Using the boundary condition at $x=0$, we can solve for $c_2$

$$ \mathcal{L} \left[ \frac{\partial c}{\partial x} \right] = \mathcal{L} \left[ K \right] \\ \frac{\partial \Theta}{\partial x} = \frac{K}{s} \\ -c_2 \sqrt{\frac{s}{D}} \exp{\left( -\sqrt{\frac{s}{D}} (0) \right)} = \frac{K}{s} \\ c_2 = -\frac{K \sqrt{D}}{s \sqrt{s}} $$

Re-writing $\Theta(s,x)$ with the values for the constants: $$ \Theta(s,x) = \frac{c_{\infty}}{s} - \frac{K \sqrt{D}}{s \sqrt{s}} \exp{\left( -\sqrt{\frac{s}{D}} x \right)} $$

Taking the inverse Laplace transform: $\mathcal{L}^{-1} \left[\Theta(s,x) \right]$, gives us the concentration as a function of time and position.
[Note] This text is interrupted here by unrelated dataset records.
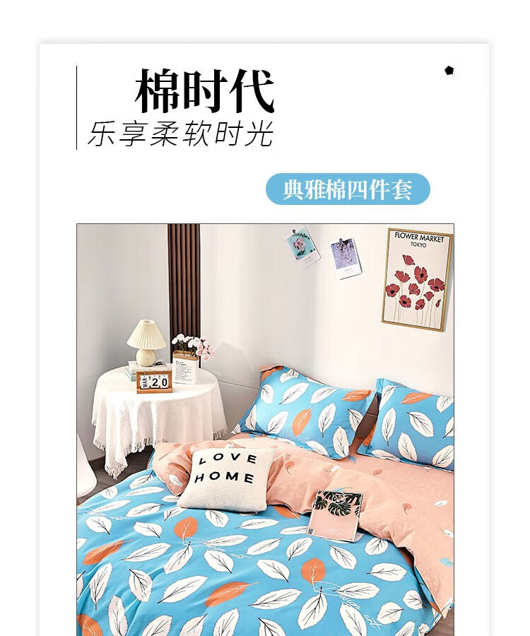 路易卡罗(LOUIS.KELLOG)典雅棉四件套LK-6234 叶秋 蓝色
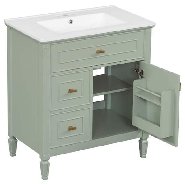 NURVIA 30 in. Single Sink Freestanding Green Bath Vanity with White Ceramic Top Unassembled
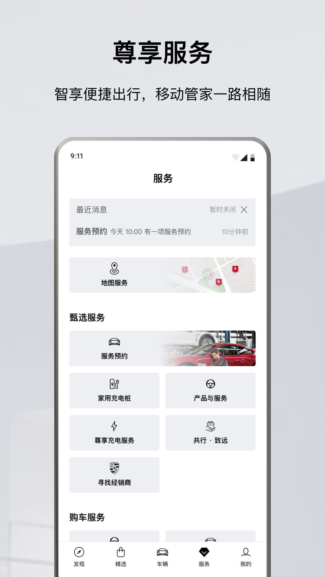 此模块提供丰富的车主服务,涵盖维保预约、服务提醒、预约交车仪式、了解全系车型、预约试驾等,为您提供便捷的用车和购车功能。
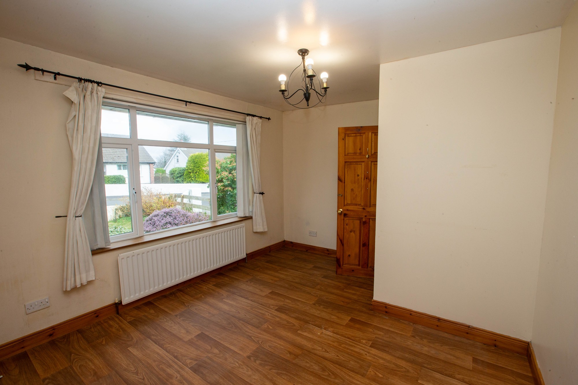 ENTRANCE HALL PVC glazed door, laminate wood flooring, telephone point.

$$ c(t,x) = c_{\infty} - K \left[ \sqrt{\frac{4Dt}{\pi}} \exp{\left(-\frac{x^2}{4Dt} \right)} - x\ \mathrm{erfc}{ \left( \frac{x}{\sqrt{4Dt}} \right)}\right] $$

Using the boundary condition at $x=0$ posed in the question: $$ \frac{\partial c}{\partial x} = K \left[u(t) - u(t - t_i) \right] $$

Then the transformed boundary condition becomes $$ \mathcal{L} \left[\frac{\partial c}{\partial x} \right] = \mathcal{L} \big[ K \left[ u(t) - u(t - t_i)\right] \big] \\ \frac{\partial \Theta}{\partial x} = \frac{K}{s} \left[1 - e^{-t_i s} \right] \\ $$

which is nearly identical to the original transform, but there is an additional term:

$-e^{-t_i s}$

It remains that $c_1 = 0$, while $c_2$ changes slightly:

$$ c_2 = -\frac{K \sqrt{D}}{s \sqrt{s}} \left[1 - \exp{(-t_i s)} \right] $$

$$ \Theta(s,x) = \frac{c_{\infty}}{s} - \left[1 - e^{-t_i s} \right] \frac{K}{s} \sqrt{\frac{D}{s}} \exp{\left(-\sqrt{\frac{s}{D}}x\right)} $$

Using line 27 from this Laplace transform table $$ \mathcal{L}\left[u(t - c) f(t-c)\right] = e^{-cs} F(s) $$ where $$ F(s) = \mathcal{L}\left[f(t)\right] $$

the inverse Laplace transform of $\Theta(s,x)$ becomes: $$ c(t,x) = c_{\infty} - K \left\{\left[ \sqrt{\frac{4Dt}{\pi}} \exp{\left(\frac{-x^2}{4Dt}\right)} - x\ \mathrm{erfc}{\left( \frac{x}{\sqrt{4Dt}} \right)} \right] \\ - u(t-t_i) \left[ \sqrt{\frac{4D(t-t_i)}{\pi}} \exp{\left(\frac{-x^2}{4D(t-t_i)}\right)} - x\ \mathrm{erfc}{\left( \frac{x}{\sqrt{4D(t-t_i)}} \right)} \right] \right\} $$

Here is a plot of these profiles with $t < t_i$ and $t > t_i$ ($t_i = 10$, $K = -1$, $D = 1$): enter image description here

What we can see is that when $t<t_i$, at $x=0$, $\Delta c$ varies linearly with respect to $\sqrt{t}$ ("The Measurement of a Complete Set of Transport Properties for a Concentrated Solid Polymer Electrolyte Solution" by Yanping Ma, et al.); and when $t>t_i$, $\Delta c$ (at $x=0$) varies linearly with respect to $\tau$, where $\tau = \frac{\sqrt{t_i}}{\sqrt{t} + \sqrt{t - t_i}}$ (as suggested in "Verification and Analysis of Transference Number Measurements" by the Galvanostatic Polarization Method by Hooman Hafezi and John Newman).

I may be naive, but it appears the form of $c(t,x)$ derived in this post is significantly different than the form derived by Hooman Hafezi and John Newman, albeit they give identical results at $x=0$.